Build graphs to record the analysis of the different persons and group’s opinions;
Using D3 to visualize the theme river and opinion group analysis.

Achievement: The research output paper Theme-River-Based Internet Public Opinion Visualization Correlation Analysis Methods was published on Information and Documentation Services, which is CS-SCI indexed.

11. A Web-Based Campus Service Robot Dialogue System | Academical

Status: Undergraduate Student

Type: Academic Research ( todo: need graph)

Supervisor: Prof Majun, Lanzhou University, Computer Science

In this project, I implemented a campus chatbot to help students. This program was highly recommended by my university to the China Ministry of Education. In Dec 2012, as the only recipient from Lanzhou University, I received a 25,000 RMB research innovation and entrepreneurship award from the Chinese Ministry of Education.

This chatbot could support student campus information QA, such as commute buses and library book information retrieval. Besides, the chatbot could help students' daily life, such as ordering takeout and sending cellphone texts by oral instructions automatically. Also, this chatbot supports common daily conversation.

In fact, this is my first comprehensive project. At that time, because python2.X didn’t support Chinese characters processing efficiently, I evenly needed to write the web spider on my own. To work on several information resources, I built a web spider framework to get the necessary information. Moreover, because efficient deep learning methods hadn’t been come up with at that time, I needed to design sophisticated NLP algorithms from scratch.
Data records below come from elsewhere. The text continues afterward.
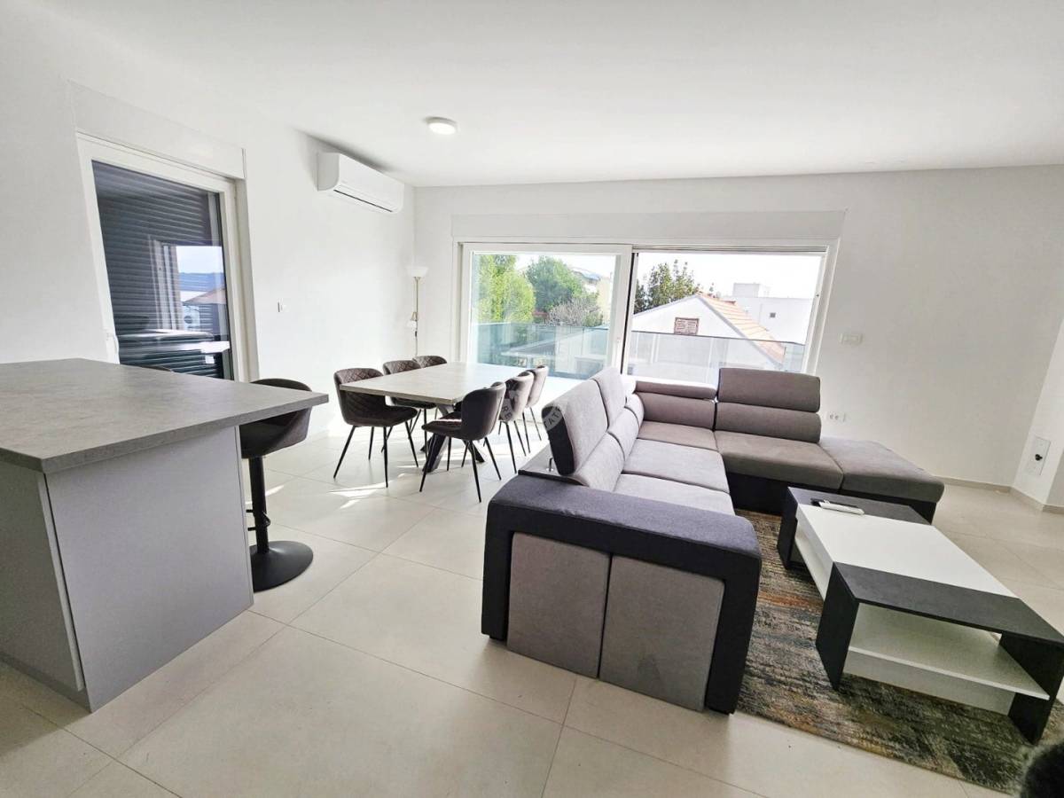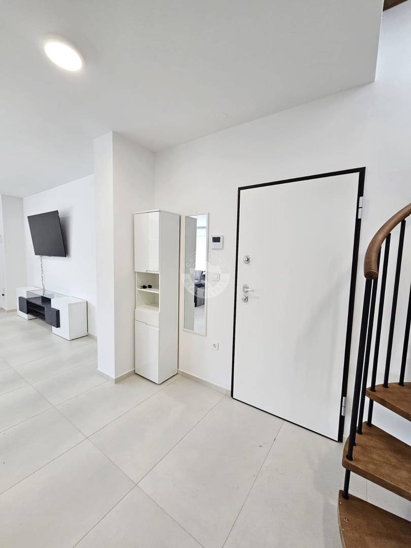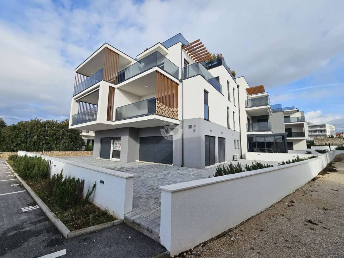 Nalazi se u novoizgrađenoj stambenoj zgradi na 2. (zadnjem) katu. Stanu pripada i krovna terasa ukupne površine 98 m2 kao i vanjsko parkirno mjesto.
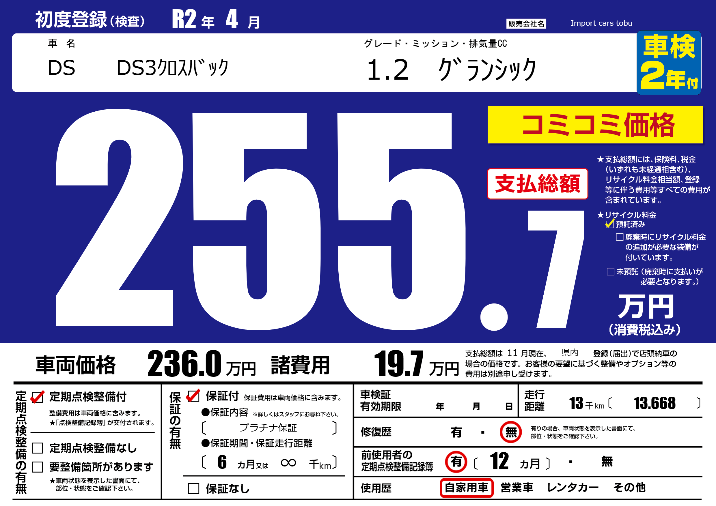 | 車名 | DS DS3クロスバック | グレード ミッション 排気量 |
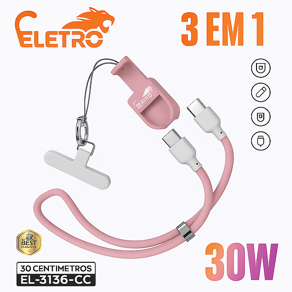 Alça para Celular com Cabo de Carregamento Tipo-C 30cm Eletromex
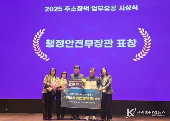 코리아타임뉴스 사회팀 | 수원특례시가 행정안전부 주관 ‘2025 주소정책 워크숍’에서 ‘2025 주소정책 업무 분야 우수기관’으로 선정돼 행정안전부 장관 표창을 받았다. 특별교부세 4000만 원도 확보했다.
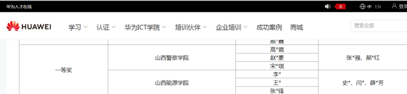 成果10:山西能源学生王*、李*与**获得华为全国大学生ICT大赛(山西省赛)一等奖

In this project, I was responsible for:

Collecting corpus and standardized text data;
Implement the sentence semantic similarity algorithm;
Implement the quick retrieval system;
Implement the auto-learning method;

After more than one year of working, I reached the following achievements:

Won the first prize in Lanzhou University Student Innovation and Entrepreneurship Competition.
This program was recommended to the Ministry of Education of PRC.
This program became the only team awarded by the ministry among the Lanzhou University recommended projects. I received 25,000 RMB from the Ministry of Education of PRC, which exceeds the highest scholarship amount awarded by the university that year.
More importantly, this encouraged me to look forward to the deeper artificial intelligence learning future.